Central banks make $250bn move to ease the credit crisis

Joint action by US, UK, Europe and Canada; Dow Jones surges on news

Central banks around the world made a second co-ordinated attempt to ease the credit crisis, three months after their first efforts failed to kickstart lending across the financial system.

After days of gathering fears that falling mortgage bond prices could trigger a wave of forced selling by highly indebted hedge funds and other investors, the Federal Reserve said that it would lead a global effort to inject around $250bn (£125bn) of replacement securities into the system.

The Bank of England, the European Central Bank and the central banks of Switzerland and Canada also joined the effort, which stoked a rally by battered stock markets yesterday.

The Fed is to auction $200bn of US government bonds – the safest debt securities available – and will take in unwanted mortgage bonds as collateral. A collapse in the value of these mortgage bonds was behind last week's market turmoil, as fears grow that even apparently robust mortgages could go into default if the US economy falls into recession and borrowers lose their jobs.

The latest actions come on top of last Friday's announcement that the Fed is increasing the size of its so-called "term auction facility", an emergency facility introduced in December that lends cash directly to the banking system, by $140bn.

Behind all the central bank's innovative moves is an attempt to flush the financial system with money and safe government bonds so that banks will feel comfortable lending to each other. Banks that have too many volatile mortgage bonds on their books, whose value is uncertain, have been reluctant to continue lending at historic levels. As a result, highly leveraged hedge funds are being told to sell assets to meet margin calls, and the cost of borrowing has risen across the financial system, threatening to make it more costly for even robust businesses to invest. That in turn threatens turning a fin-ancial crisis into a trigger for a recession in the real economy.

"Since the co-ordinated actions taken in December 2007, the G-10 central banks have continued to work together closely and to consult regularly on liquidity pressures in funding markets," the Fed said yesterday. "Pressures in some of these markets have recently increased again."

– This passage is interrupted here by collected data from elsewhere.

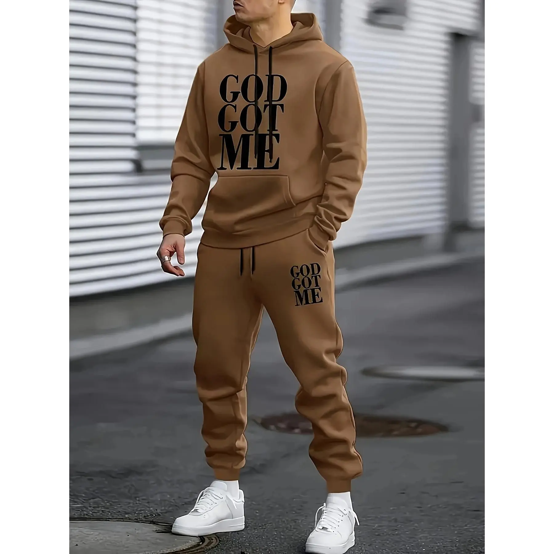 Men's lion print hooded sweatshirt and sweatpants set -100% polyester fiber casual sportswear, hooded long sleeved top and pocket, regular cut knitted fabric, comfortable, animal pattern
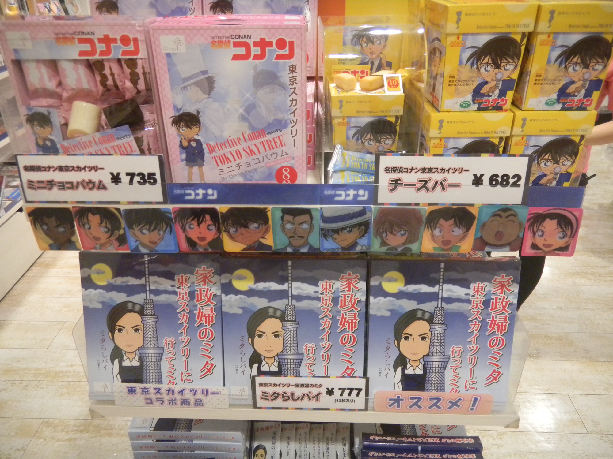 Evangelion and Detective Boy Conan Sky Tree souvenir snacks.
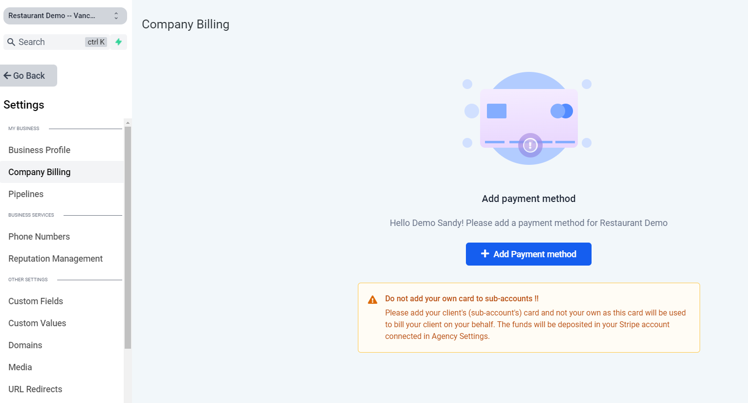 <figure><img src="https://3388044494-files.gitbook.io/~/files/v0/b/gitbook-x-prod.appspot.com/o/spaces%2FC0wfLyjtRM04a7Aooz68%2Fuploads%2FWHbJyMUwVRZOVi7LB7bR%2Fcompany%20billing.PNG?alt=media&#x26;token=22d364cd-276e-4af9-92a0-734b3061b53a" alt=""><figcaption><p>Setting -> Company Billing</p></figcaption></figure>

The Bank of England said it would lend another £10bn in cash to the banking system, in return for a wider range of collateral that includes mortgage-backed securities, extending a facility that it offered as part of December's co-ordinated efforts. The new three-month loans will be offered next week, with another offering of an as yet undetermined size to follow in April. The ECB is to make $15bn available.

Meanwhile, the Fed is expanding currency "swap lines" with the ECB and the Swiss central bank, respectively, sending them dollars that can be lent to troubled European banks. A dwindling of dollar assets in Europe has contributed to the high inter-bank interest rates being charged for dollar-denominated lending, particularly the closely watched London inter-bank lending rate, Libor, off which many other types of loans are priced.

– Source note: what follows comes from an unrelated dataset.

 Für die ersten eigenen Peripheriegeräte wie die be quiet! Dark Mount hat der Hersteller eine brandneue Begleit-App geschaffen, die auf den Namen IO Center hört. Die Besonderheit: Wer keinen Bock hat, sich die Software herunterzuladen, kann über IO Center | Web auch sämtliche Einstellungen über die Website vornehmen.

Stock markets jumped on the announcement of the co-ordinated moves. The FTSE 100 closed up 61.3 at 5,690.4 in London. The Dow Jones Industrial Average closed up 417 points, or 3.6 per cent, at 12,156.8 in New York. The dollar also rose and in the credit markets, investors moved out of safe assets such as Treasuries into riskier debt instruments.

Analysts were split on whether the moves might be enough to end the downward spiral in the debt markets. Joseph Brusuelas, economist at IDEAglobal, said: "By permitting borrowers to put up devalued collateral that currently contaminates the balance sheets of financial institutions, this should provide a generous bout of temporary relief to portfolios overweight with distressed assets. But we do not see this as a panacea. For now, the current Fed move will purchase a fortnight of peace."